Johnson v. Marias River Electric Co-op, Inc. (Mont. 1984), 687 P.2d 668, 671, 41 St. Rep. 1528, 1532.
In analyzing § 27-2-401, MCA, the District Court concludes that with the exception of minority, the ultimate repose for any person entitled to bring an action, whether suffering from a singular or multiple disability is five years. Such an interpretation is inconsistent and at odds with the plain meaning of subsection (2) as well as that of subsection (4). Section 27-2-401(2), MCA, provides a tolling of the statute of limitations that could be far in excess of the District Court's suggested ultimate repose of five years, as the statute is tolled for the duration of the heir's, devisee's or creditor's disability plus an additional five years after such a disability ceases. As § 27-2-401(2) clearly indicates there is not a five year period of ultimate repose and as such the District Court erred in applying such a limitation to § 27-2-401(4).
A legislative body is presumed to have inserted every provision for some useful purpose. Under the District Court's construction of the statute, subsection (4) of § 27-2-401, MCA, serves no useful purpose. In Montana Wildlife Federation v. Sager (1980), ___ Mont. ___, 620 P.2d 1189, this Court stated that it will not interpret a statute so as to defeat its obvious purpose. We further stated that the objects sought to be achieved by the legislature are prime considerations in interpreting a statute. Section 27-2-401, MCA, shows an objective on the part of the Montana legislature to afford adequate protection to those unfortunate citizens who suffer from dual or multiple disabilities when their right to bring an action accrues. The statute insures that these Montanans will have the right to seek full legal redress at a time when they or a guardian are in a position to do so.
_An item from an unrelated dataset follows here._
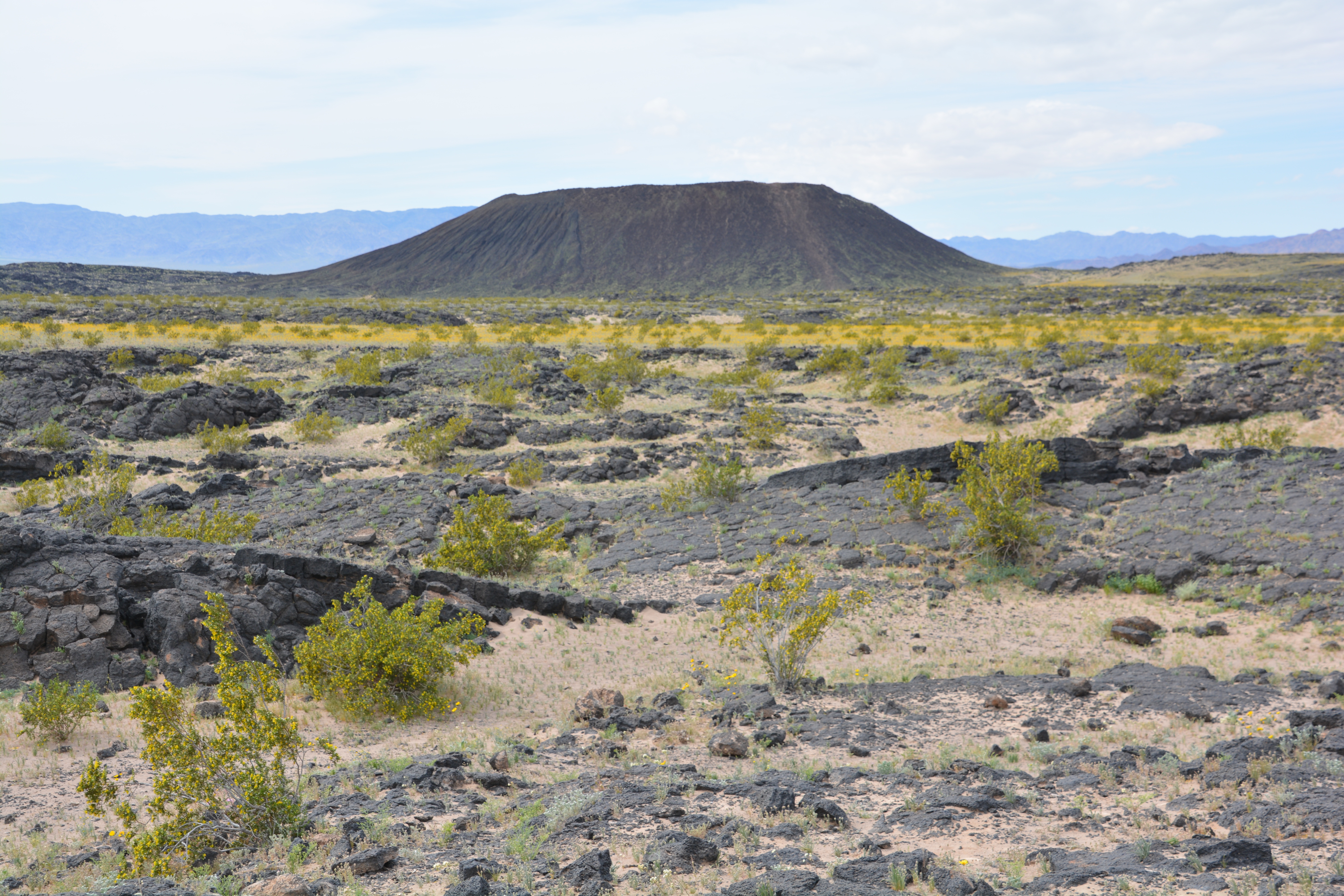 But our plan was to move north to Mohave National Preserve, a huge stretch of desert landscape that begged us to explore it. We followed straight desert roads over mountain ranges and across barren landscapes, eventually crossing the dry Bristol Salt Lake and finding the Amboy Volcanic Crater National Monument. This dramatic volcanic crater rises from the desert flow with its distinct lava flows across the valley and covered in a variety of beautiful desert flowers. Very cool.

In the immediate case, Linda Cawley was suffering from two statutorily-defined disabilities, mental illness and minority. These disabilities coexisted at the time the allegedly tortious conduct occurred and her right of action accrued. Although the plaintiff is no longer a minor, the statute of limitations is still tolled as the evidence indicates that since the plaintiff's right of action accrued she has been and continues to be seriously mentally ill.
The plain meaning of the words used in § 27-2-401(4) clearly indicate that the statute of limitations on Linda Cawley's claim has not expired and will not expire so long as she suffers from mental illness.
*910 Reversed and remanded for proceedings consistent with this Opinion.
TURNAGE, C.J., and HARRISON, WEBER, GULBRANDSON and McDONOUGH, JJ., concur.
ORDER ON RECONSIDERATION
TURNAGE, Chief Justice.
The State of Montana, as respondent, petitions this Court on reconsideration to clarify language in our opinion in this cause to the effect that it may be construed as a determination by us that L.C. has been and continues to be severely mentally ill since she attained her majority. No such determination or construction is intended by this Court. Whether L.C. meets the conditions of Section 27-2-401(4) to avoid the application of limitations under that statute remains for determination in the District Court.
HARRISON, WEBER, SHEEHY, GULBRANDSON, HUNT and McDONOUGH, JJ., concur.